+++ The data +++

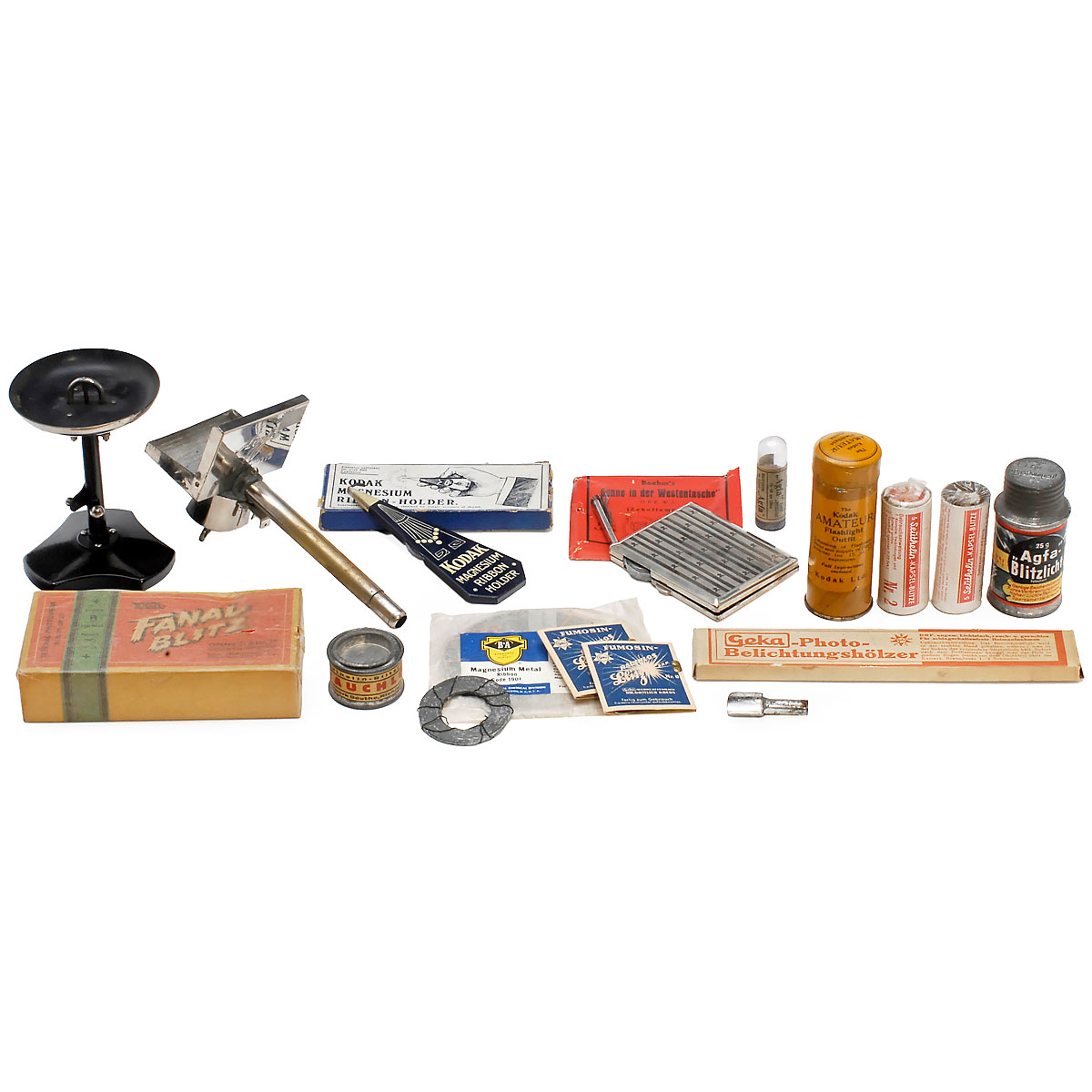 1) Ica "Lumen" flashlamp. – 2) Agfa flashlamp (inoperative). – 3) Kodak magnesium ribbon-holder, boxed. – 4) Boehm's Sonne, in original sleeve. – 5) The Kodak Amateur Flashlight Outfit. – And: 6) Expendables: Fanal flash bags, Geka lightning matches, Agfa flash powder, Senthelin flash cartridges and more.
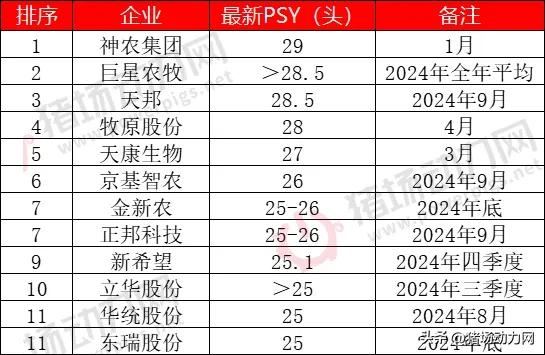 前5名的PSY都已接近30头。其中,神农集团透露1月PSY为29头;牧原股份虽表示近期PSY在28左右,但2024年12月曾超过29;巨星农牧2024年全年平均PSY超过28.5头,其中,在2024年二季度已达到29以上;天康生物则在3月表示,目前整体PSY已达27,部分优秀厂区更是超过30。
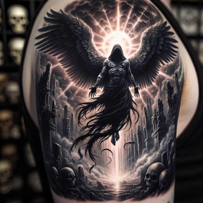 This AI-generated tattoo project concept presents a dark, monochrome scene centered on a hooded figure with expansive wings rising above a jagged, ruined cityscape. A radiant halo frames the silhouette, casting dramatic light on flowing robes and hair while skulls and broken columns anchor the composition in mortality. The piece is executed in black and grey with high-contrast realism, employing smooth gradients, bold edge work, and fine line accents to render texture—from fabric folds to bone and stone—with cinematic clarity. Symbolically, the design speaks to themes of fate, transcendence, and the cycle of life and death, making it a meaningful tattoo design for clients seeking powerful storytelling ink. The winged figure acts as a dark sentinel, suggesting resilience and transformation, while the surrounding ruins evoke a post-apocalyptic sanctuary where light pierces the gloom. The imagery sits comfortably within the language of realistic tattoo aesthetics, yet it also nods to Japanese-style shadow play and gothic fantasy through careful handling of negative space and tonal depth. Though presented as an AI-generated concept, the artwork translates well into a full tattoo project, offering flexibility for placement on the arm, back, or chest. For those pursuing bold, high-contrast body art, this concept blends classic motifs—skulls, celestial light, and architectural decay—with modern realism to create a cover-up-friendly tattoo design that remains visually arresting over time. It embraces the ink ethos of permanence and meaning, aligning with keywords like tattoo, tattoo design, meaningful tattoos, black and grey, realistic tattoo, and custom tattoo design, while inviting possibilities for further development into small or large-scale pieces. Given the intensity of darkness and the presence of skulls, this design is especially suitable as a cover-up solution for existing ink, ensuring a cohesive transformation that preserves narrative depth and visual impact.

+++

What the task asks: In the printed copy, the material above must appear unchanged and without its pictures.

Expected answer:
 1) Ica "Lumen" flashlamp. – 2) Agfa flashlamp (inoperative). – 3) Kodak magnesium ribbon-holder, boxed. – 4) Boehm's Sonne, in original sleeve. – 5) The Kodak Amateur Flashlight Outfit. – And: 6) Expendables: Fanal flash bags, Geka lightning matches, Agfa flash powder, Senthelin flash cartridges and more.
 前5名的PSY都已接近30头。其中,神农集团透露1月PSY为29头;牧原股份虽表示近期PSY在28左右,但2024年12月曾超过29;巨星农牧2024年全年平均PSY超过28.5头,其中,在2024年二季度已达到29以上;天康生物则在3月表示,目前整体PSY已达27,部分优秀厂区更是超过30。
 This AI-generated tattoo project concept presents a dark, monochrome scene centered on a hooded figure with expansive wings rising above a jagged, ruined cityscape. A radiant halo frames the silhouette, casting dramatic light on flowing robes and hair while skulls and broken columns anchor the composition in mortality. The piece is executed in black and grey with high-contrast realism, employing smooth gradients, bold edge work, and fine line accents to render texture—from fabric folds to bone and stone—with cinematic clarity. Symbolically, the design speaks to themes of fate, transcendence, and the cycle of life and death, making it a meaningful tattoo design for clients seeking powerful storytelling ink. The winged figure acts as a dark sentinel, suggesting resilience and transformation, while the surrounding ruins evoke a post-apocalyptic sanctuary where light pierces the gloom. The imagery sits comfortably within the language of realistic tattoo aesthetics, yet it also nods to Japanese-style shadow play and gothic fantasy through careful handling of negative space and tonal depth. Though presented as an AI-generated concept, the artwork translates well into a full tattoo project, offering flexibility for placement on the arm, back, or chest. For those pursuing bold, high-contrast body art, this concept blends classic motifs—skulls, celestial light, and architectural decay—with modern realism to create a cover-up-friendly tattoo design that remains visually arresting over time. It embraces the ink ethos of permanence and meaning, aligning with keywords like tattoo, tattoo design, meaningful tattoos, black and grey, realistic tattoo, and custom tattoo design, while inviting possibilities for further development into small or large-scale pieces. Given the intensity of darkness and the presence of skulls, this design is especially suitable as a cover-up solution for existing ink, ensuring a cohesive transformation that preserves narrative depth and visual impact.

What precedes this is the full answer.